## What you should do
The required output is an exact copy of the lines from the one containing "KN95 FFP2 Medical" through the end of the entries below, with pictures removed.

## Given data
════════
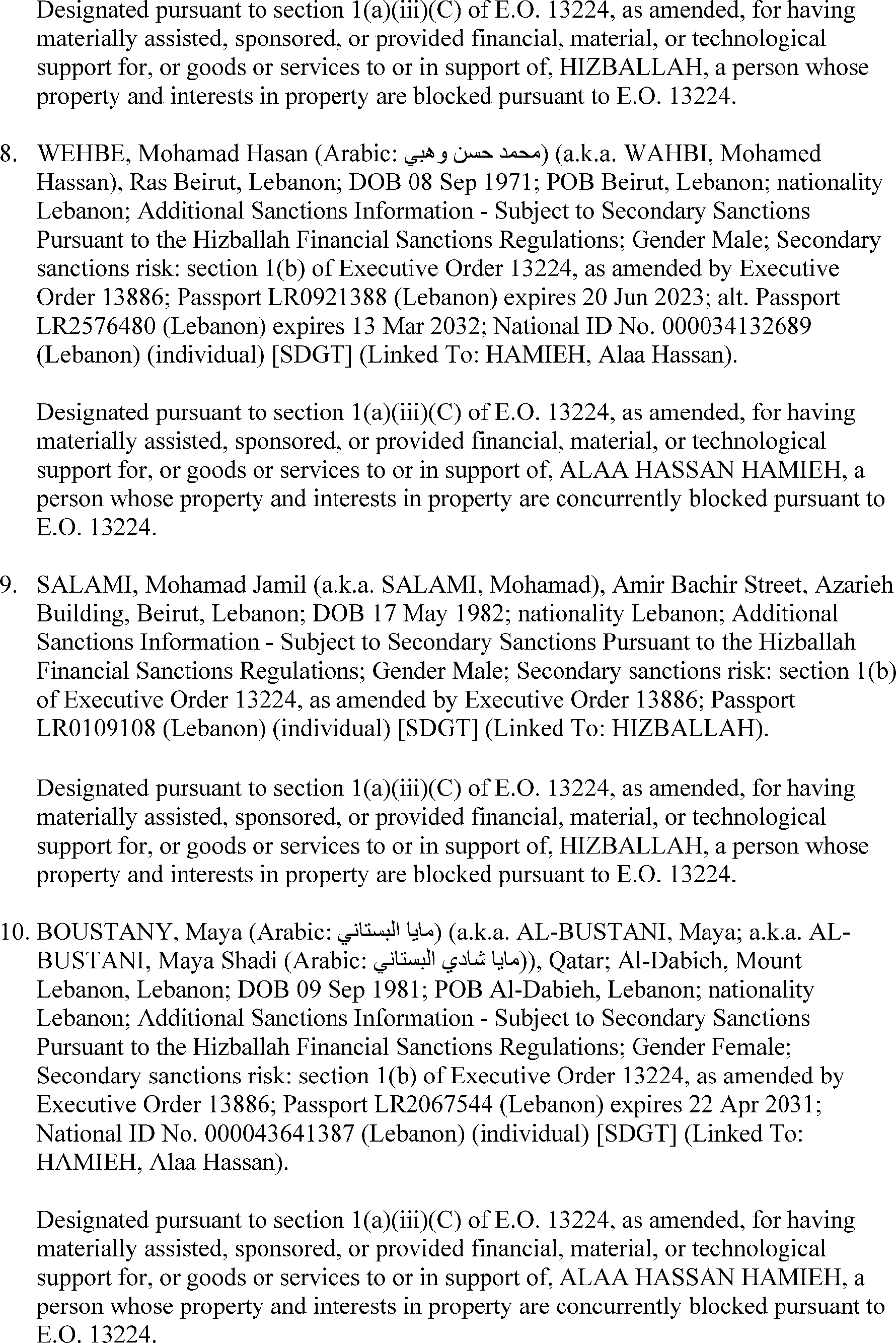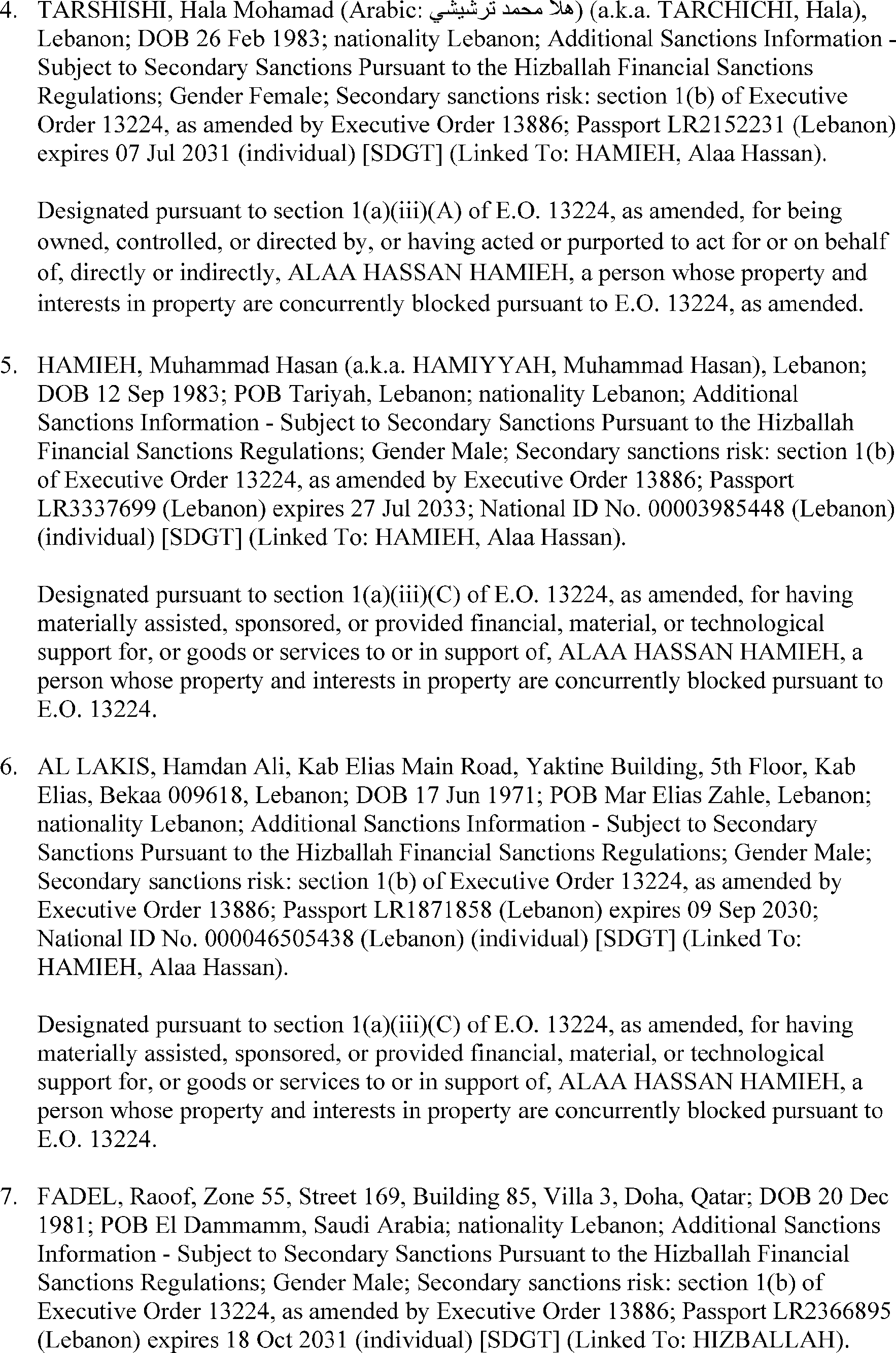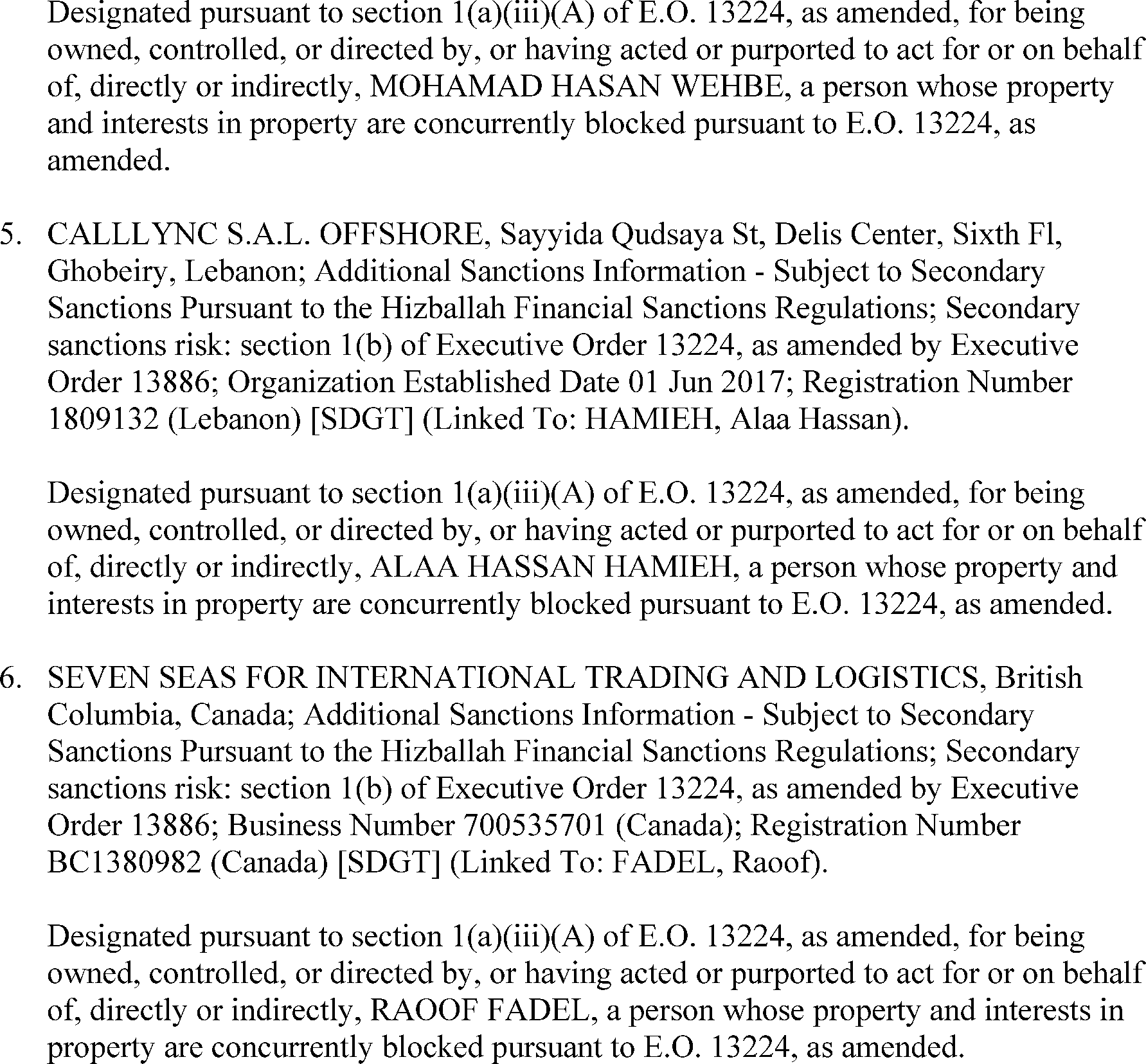 persons are blocked under the relevant sanctions authority listed below.
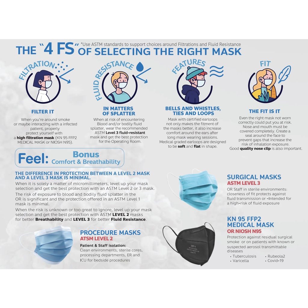 KN95 FFP2 Medical Mask (Non-Sterile BFE & PFE 99) • HSA Notified; ISO13485 Certified; CE Approved • Singapore Exclusive Distributor, Authenticity and Quality Guaranteed • 5-Layer protection • Without Glass Fibres • Hypoallergenic • High Filtration Capacity • ≥ 99 % BFE Certified • ≥ 99 % PFE Certified • Fluid Resistant • PM 2.5 Certified • FFP2 Certified Protection against residual surgical smoke or on patients with known or suspected aerosol transmittable diseases such as COVID-19. For Single Use Only.
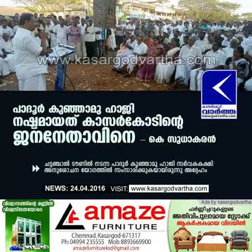 പാദൂര്‍ കുഞ്ഞാമു ഹാജി; നഷ്ടമായത് കാസര്‍കോടിന്റെ ജനനേതാവിനെ- കെ സുധാകരന്‍
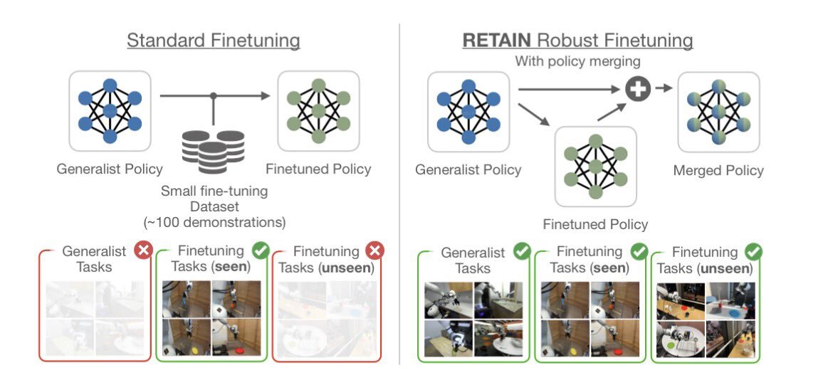 汎用VLAロボットポリシーを新タスクにファインチューニングすると、元のスキルが壊れがちな問題に対して、 「ベースモデル」と「FTモデル」のパラメータを補間するだけで、旧タスク能力を保ったまま新スキルを取り込めるという報告 arxiv.org/abs/2512.08333 #Robotics #VLA #ロボティクス pic.x.com/yOad3ulhfe
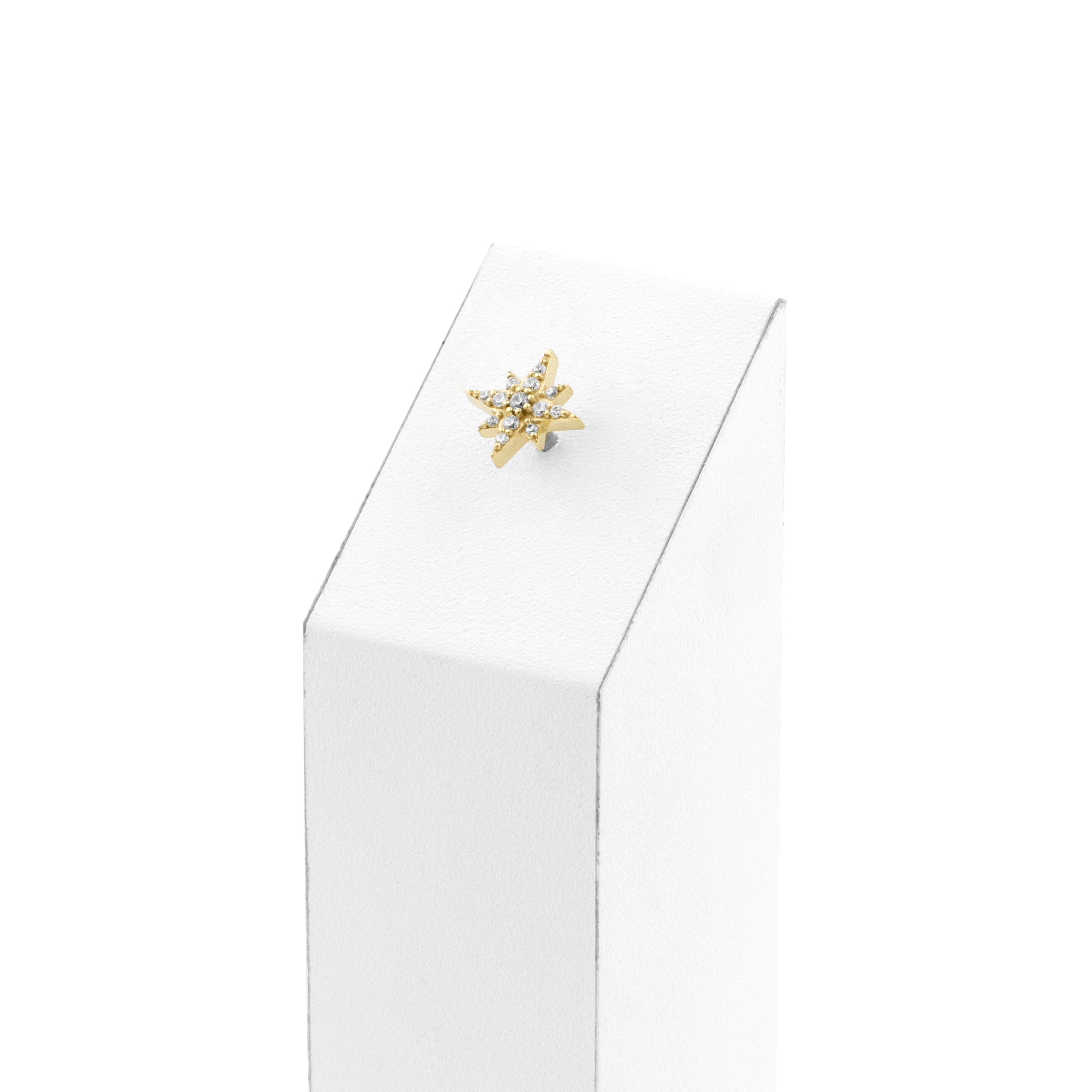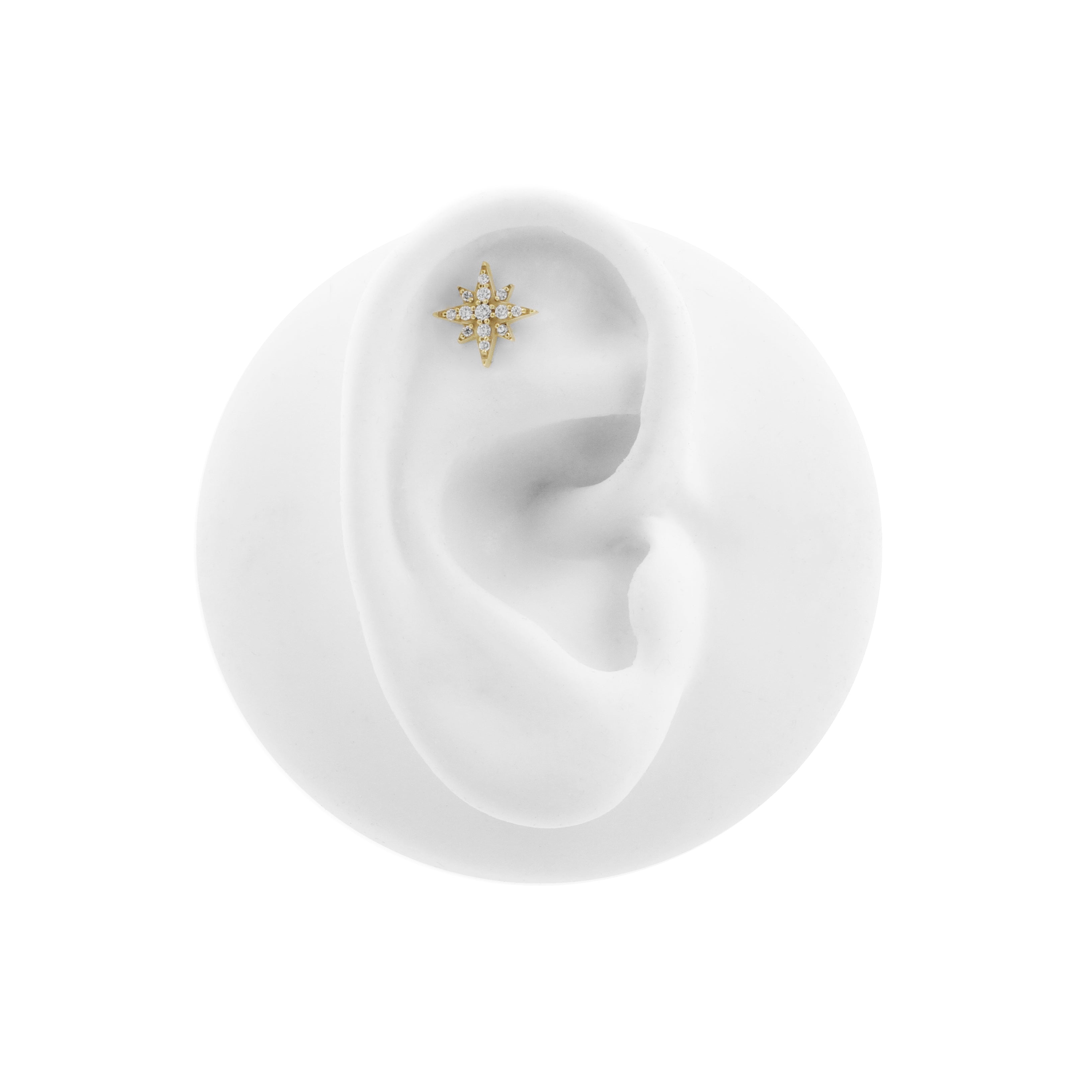 Nickel-Free Stainless Steel - Zirconia Northern Star - Gold instantly adds a stylish touch to your piercing. This Threadless Top is made of Nickel-Free Stainless Steel with a cubic zirconia in Clear. The threadless system allows you to easily combine this top with all our bars, which we call Threadless Base, for a perfect fit and ultimate comfort.
════════
## Output for this exercise
 KN95 FFP2 Medical Mask (Non-Sterile BFE & PFE 99) • HSA Notified; ISO13485 Certified; CE Approved • Singapore Exclusive Distributor, Authenticity and Quality Guaranteed • 5-Layer protection • Without Glass Fibres • Hypoallergenic • High Filtration Capacity • ≥ 99 % BFE Certified • ≥ 99 % PFE Certified • Fluid Resistant • PM 2.5 Certified • FFP2 Certified Protection against residual surgical smoke or on patients with known or suspected aerosol transmittable diseases such as COVID-19. For Single Use Only.
 പാദൂര്‍ കുഞ്ഞാമു ഹാജി; നഷ്ടമായത് കാസര്‍കോടിന്റെ ജനനേതാവിനെ- കെ സുധാകരന്‍
 汎用VLAロボットポリシーを新タスクにファインチューニングすると、元のスキルが壊れがちな問題に対して、 「ベースモデル」と「FTモデル」のパラメータを補間するだけで、旧タスク能力を保ったまま新スキルを取り込めるという報告 arxiv.org/abs/2512.08333 #Robotics #VLA #ロボティクス pic.x.com/yOad3ulhfe
 Nickel-Free Stainless Steel - Zirconia Northern Star - Gold instantly adds a stylish touch to your piercing. This Threadless Top is made of Nickel-Free Stainless Steel with a cubic zirconia in Clear. The threadless system allows you to easily combine this top with all our bars, which we call Threadless Base, for a perfect fit and ultimate comfort.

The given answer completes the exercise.